Матвей тихо сказал — видимо самому тяжело удерживать пророчества
в себе:— Мишка не станет императором. Тут вы ошиблись.
Она сонно спросила, желая знать, чем закончился противостояние с княгиней Волковой:
— А Сашка…?
Матвей неожиданно заупрямился:
— Неужели вам не интересно все это узнать на собственном опыте?
Светлане пришлось открывать глаза и повторять вопрос:
— А Саша?
Она понимала, что если первыми на капище приедут жандармы, то Сашку арестуют. Может, на день, может на несколько — пока в творящемся бардаке разберутся и ангел-хранитель Саши придет ему на помощь. Опричнина же не знает, что он снова кромешник. Светлана не сможет заявить о таком, Миша… Догадается ли? А Сашка ранен, ему сейчас не пережить допросы жандармов!
— Не заставляйте меня! — с кривой усмешкой сказал Матвей.
— А Саша?! Что ждет его?
Матвей отвлекся от дороги и обиженно пробурчал:
— Он научится целоваться — зуб даю! Ну вот, вы заставили меня это сказать. Он научится целоваться. Сказать с кем?
Светлана вздрогнула — и оракулы ошибаются, оказывается!
— Пожалуй, этого я знать не хочу.
— Хуже того — у него будет трое сыновей. Пояснить, чему он еще научится?
— Матвей! — прикрикнула она, чувствуя, что у неё краснеют щеки. Почему-то.
— Вы сами меня заставили, Елизавета Павловна, уж простите. И да, на девочек даже не надейтесь. Хотите дочку — выходите замуж за Мишку. Простите, Михаила Константиновича.

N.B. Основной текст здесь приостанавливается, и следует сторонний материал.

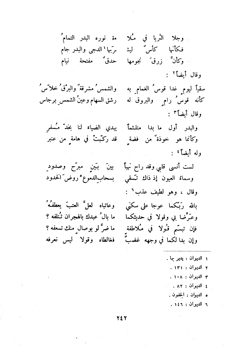 وسماء العيون إذ ذاك تسقي ... بسحاب الدموع (5) روض الخدود وقال، وهو لطيف عذب (6) :

— Все же оракулы иногда ошибаются.
Матвей обрадовался:
— Да? Хвала небесам, дар сходит на нет. Так… — он миролюбиво спросил: — о чем вы хотели узнать?
Эпилог
Осень пахнет умиранием. Это чувствуется во всем. В низком сером небе, заслонившем солнце. В мелких, колючих, робких снежинках, быстро исчезающих на еще теплой земле. Они, как слезы ангелов, оставляют свой след на городских мостовых — эфемерный, зыбкий. Или это их поцелуи, обещающие защиту в предстоящей суровой зиме?
Осень чувствуется в рокоте Идольменя — время штормов все ближе и ближе. Скоро высокие волны будут вгрызаться в упрямый берег, грозясь прорваться в город. Каменка и Уземонка уже вздулись, подпираемые водами Идольменя.
Умирание чувствуется в уже голых, скинувших свои прекрасные наряды деревьях, зябко дрожащих на ветру. Это чувствуется в надвигающемся предзимье — сне или смерти природы.
В управе было тихо и тепло. Ивашка жарко растопил под утро печь. Хотя из оконных щелей все равно тянуло промозглым ледяным сквозняком.
Осень. Холод. Одиночество. Настроение упадническое, как все в Суходольске.
Светлана стояла у окна и смотрела, как под порывами ветра, выворачивающими и ломающими зонты, растерявшие свои яркие цвета в бесконечных суходольских дождях, быстро бегут по своим делам редкие прохожие. Погодка — хороший хозяин даже собаку на улицу не выгонит. Капли дождя струились по стеклу, рисуя неведомые реки. Скоро Светлана отправится в путь, отсиживаться и дальше в восстановившемся после землетрясения Суходольске глупо. Она сама как-нибудь увидит эти реки, что обещает ей дождь, и устоит под порывами ветра невзгод — ей не привыкать.